The Rice Datathon 2019 competition attracted experienced and novice data scientists for a fast-paced, 18-hour data mining competition on Jan. 25-26.
More than 150 Rice University students and alumni participated in the event organized by the Rice DataSci Club, with support from the Rice Center for Transforming Data to Knowledge (D2K Lab). Shell, a D2K Lab Affiliate, was the sponsor. The Liu Idea Lab was a perfect venue for the Datathon with plenty of space for students to work independently or in teams.
“I thought it was a lot of fun and well organized," said Santiago Tellez, a STAT senior. "I would love to see it grow and have more people involved. I liked the teaching sessions to help us in our analysis,”
The first-place winners were Benito Geordie, freshman, engineering; Gerald Wang, sophomore, engineering: David Torres Ramos, sophomore, engineering; Yong Shin, sophomore, CS, for “Twitter Sentiment Analysis.” Their goal was to build a sentiment-analysis tool to predict the polarity of a tweet based off a collection of tweets and their respective polarities. The group analyzed 1.6 million tweets to develop an algorithm that could predict the positivity of a future tweet.
The winners developed a sort of pseudo-machine learning and fed it large amounts of data.
“Everything was made from scratch and we didn't use any libraries,” Torres Ramos said.
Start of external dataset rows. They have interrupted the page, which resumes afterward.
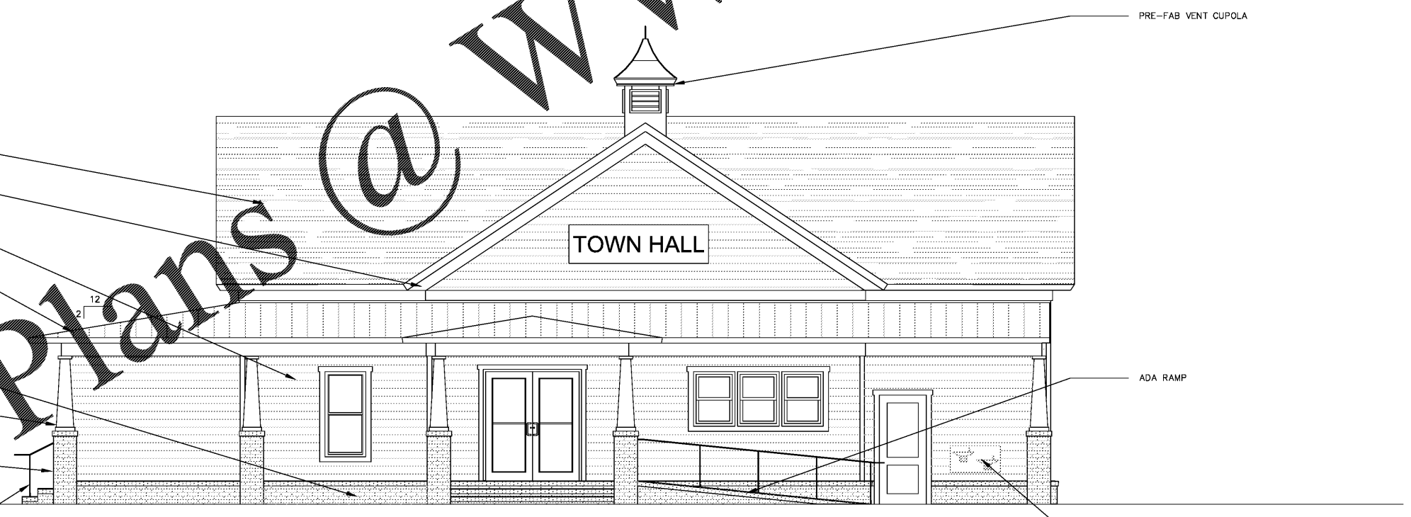
2 BALL FIELD ELEVATION A1 SCALE: 1/4" = 1'-0"
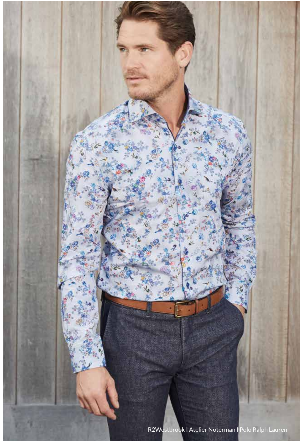
R2Westbrook | Atelier Noterman | Polo Ralph Lauren
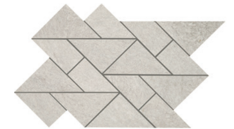
OSTO2.1CRSLMOS ▶ Bunny Crossville Mosaic<sup>†</sup>
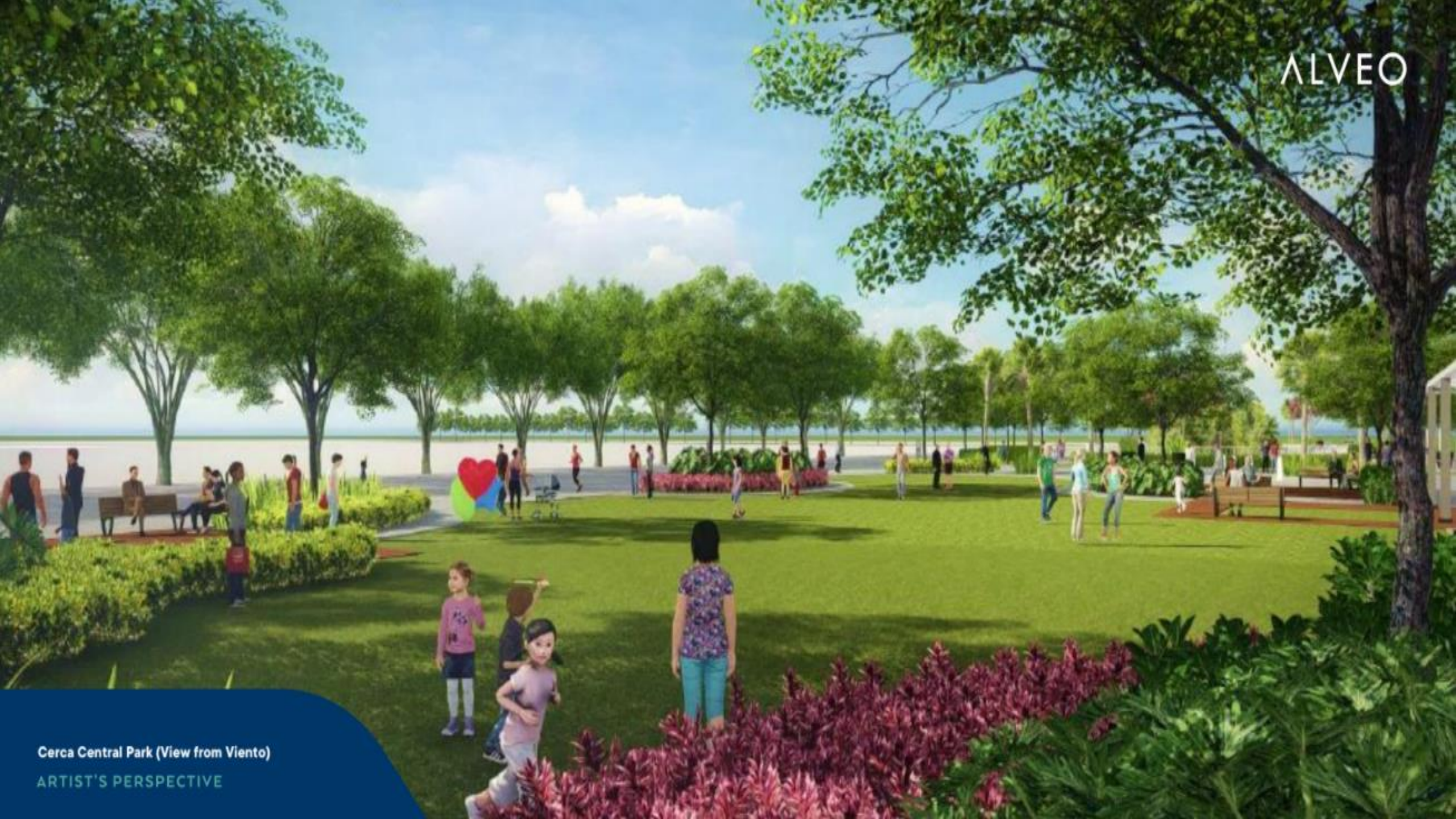
Cerca Central Park (View from Viento) ARTIST'S PERSPECTIVE
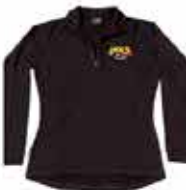
Merino Zip Polo 2020 $125.00
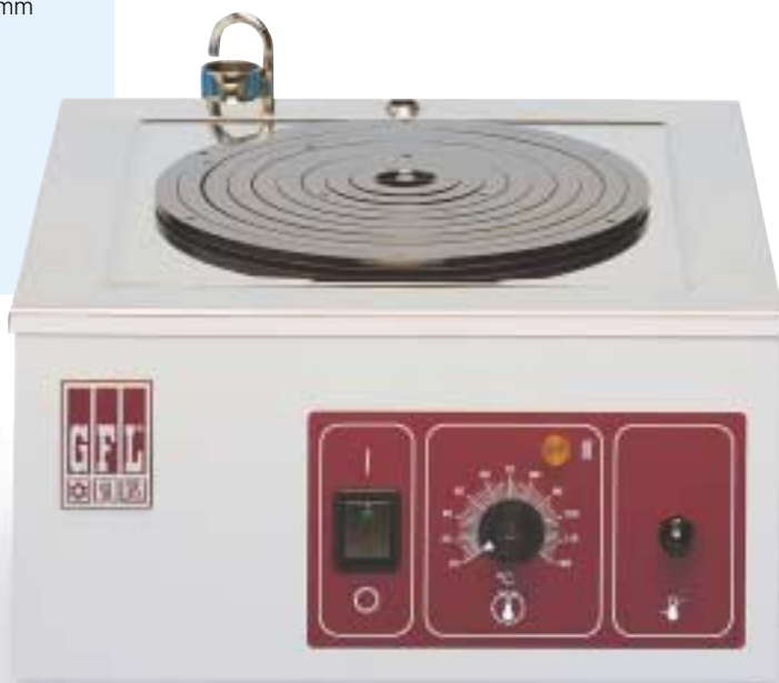
1023 Steam Bath, 7 litres

GFL Water Baths convince through their varied ranges of application. For instance, the Steam Bath's square cover frame (W 265 mm x L 265 mm) is removable. Its 9-part set of rings, made of heat-resistant plastic material can be parted. Its diameter can be varied in approx. 20 mm steps (min. 32.5 / max. 173.5 mm).
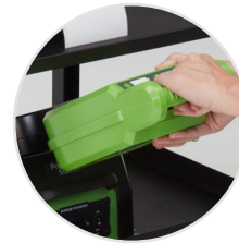
Simply swap with a fully charged pack in seconds
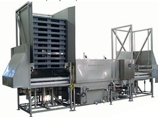
Pallet Washer with synchronized de-stack / stacking, sized for capacity and process
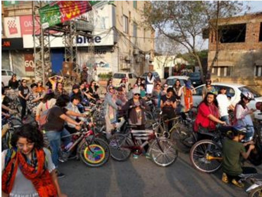
‘Girls at Pakistan
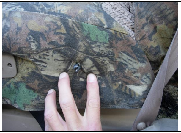
Step 14. Driver and Passenger Bottoms/DB & PB: Locate the hole provided for the recline lever, feeding the post for the lever through the hole. Install the recline lever onto the seat.
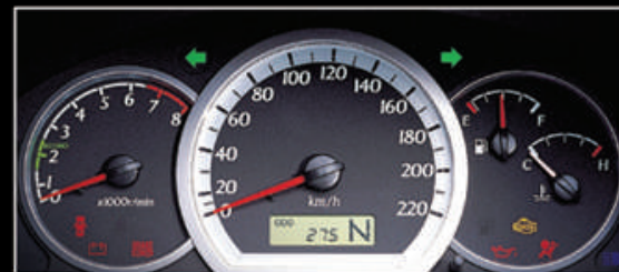
Sporty instrument dial
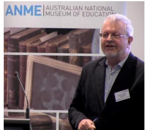
Author Craig Campbell
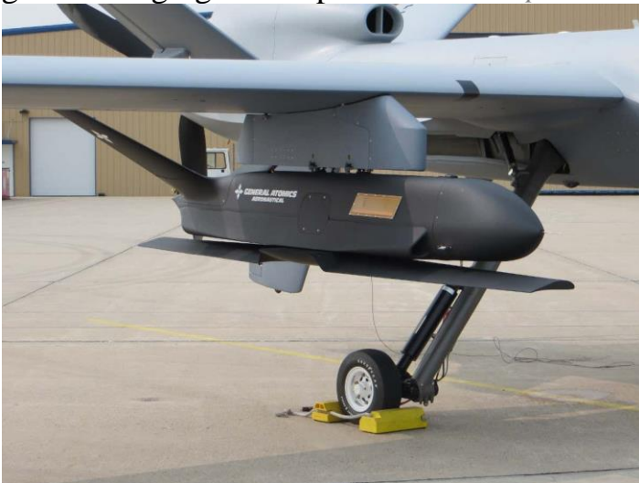
A picture of Sparrowhawk that General Atomics released to The War Zone shows that the drone features a large main wing that is stowed parallel with the main fuselage before launch, after which it swings 90 degrees into a deployed position. The drone also has a v-tail and there appears to be at least one air intake for the propulsion system on the right side. It's unclear what type of powerplant powers the air-launched drone.

This low-cost unmanned demonstrator could give larger drones, such as the MQ-9 Reaper, game-changing new capabilities. Joseph Trevithick The War Zone September 25, 2020
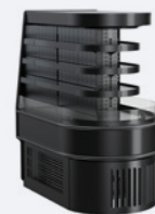
OASIS FSE460R Endcap

Utilize displays that blend into high traffic areas to generate incremental sales.

The team figured out that by determining the most common positive and negative words they could cluster tweet polarities to determine the community’s disposition on current topics. It could be used with other machine-learning algorithms to aggregate different news stories and trends, as well as help people develop tweets that can elicit certain responses.
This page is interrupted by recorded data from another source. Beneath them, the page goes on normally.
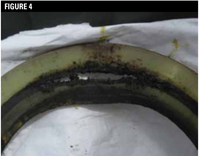
A gasket from a treated water dump.

though the original specification is absent, the gasket obviously was not made properly for the intended application.
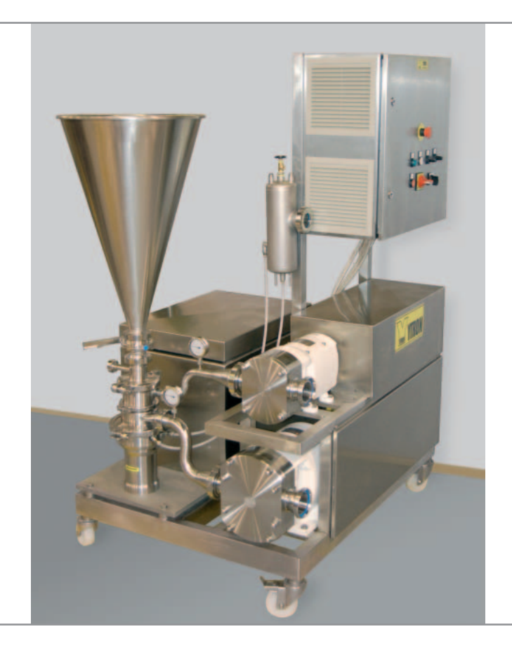
YTRON-ZC ViscoTron for high viscosities and /or high solids ratio
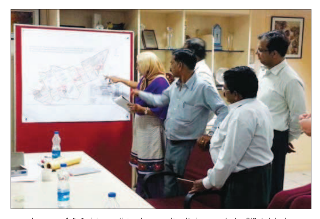
Image no. 1-5: Training participants presenting their concepts for GIP Jadcherla
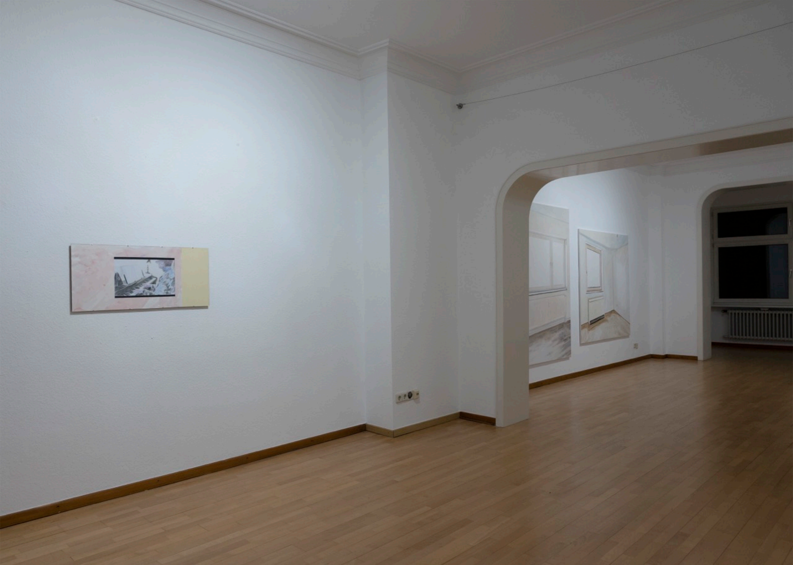
Installation view, Neue Charakter , Lucas Hirsch, Düsseldorf, 2021
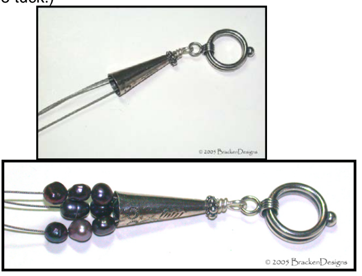
Step 7: String the rest of your necklace/bracelet

Step 6: Slip one end of your clasp set onto this loop and finish wrapping (including the tuck!)
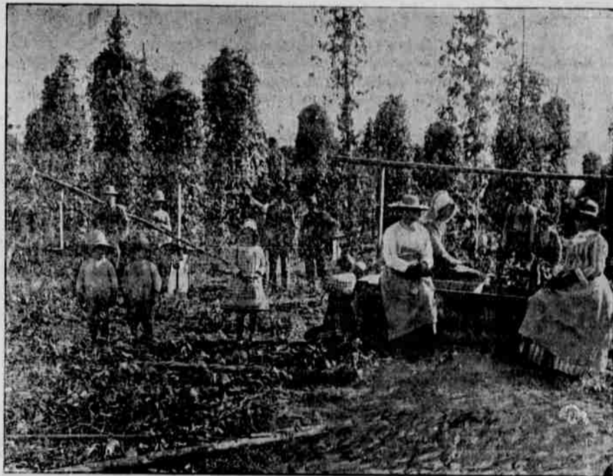
PICKING HOPS IN JOSEPHINE COUNTY.

“I would like to thank the D2K Lab and the DataSci Club for hosting the first Datathon. It was well coordinated and I was always able to get clarification on technical concepts,” Torres Ramos said.
The second-place winner was Santiago Tellez, senior in STAT, for “Craft Beer: Beer Name Sentiment Analysis.” He analyzed data on 2,400 craft beers and 500 breweries across the country.
“I noticed that craft breweries classify their beers into hundreds of vague types of beer," Tellez said. "I used beer forums online to classify the beers into eight categories: ale, IPA, lager, stout, wheat, fruit, kolsch and other.”
The goal was to use data on alcohol percentage, bitterness, the name of the beer and brewery location to predict the type of beer it is. He used sentiment analysis to label each beer name with certain emotions -- anger, joy, surprise, trust and so forth. He then performed correspondence analysis on the sentiment matrix to use those features in the prediction model.
Third place went to Damon Shan, a Rice alumnus; Alvin Sheng, senior in STAT; and Ouyang Zhu, a first-year graduate student, STAT; for RiceDatathon NBA. Their project tested various models to predict an NBA player’s salaries based on performance, age, height and other factors from Kaggle data sets and data taken from the web.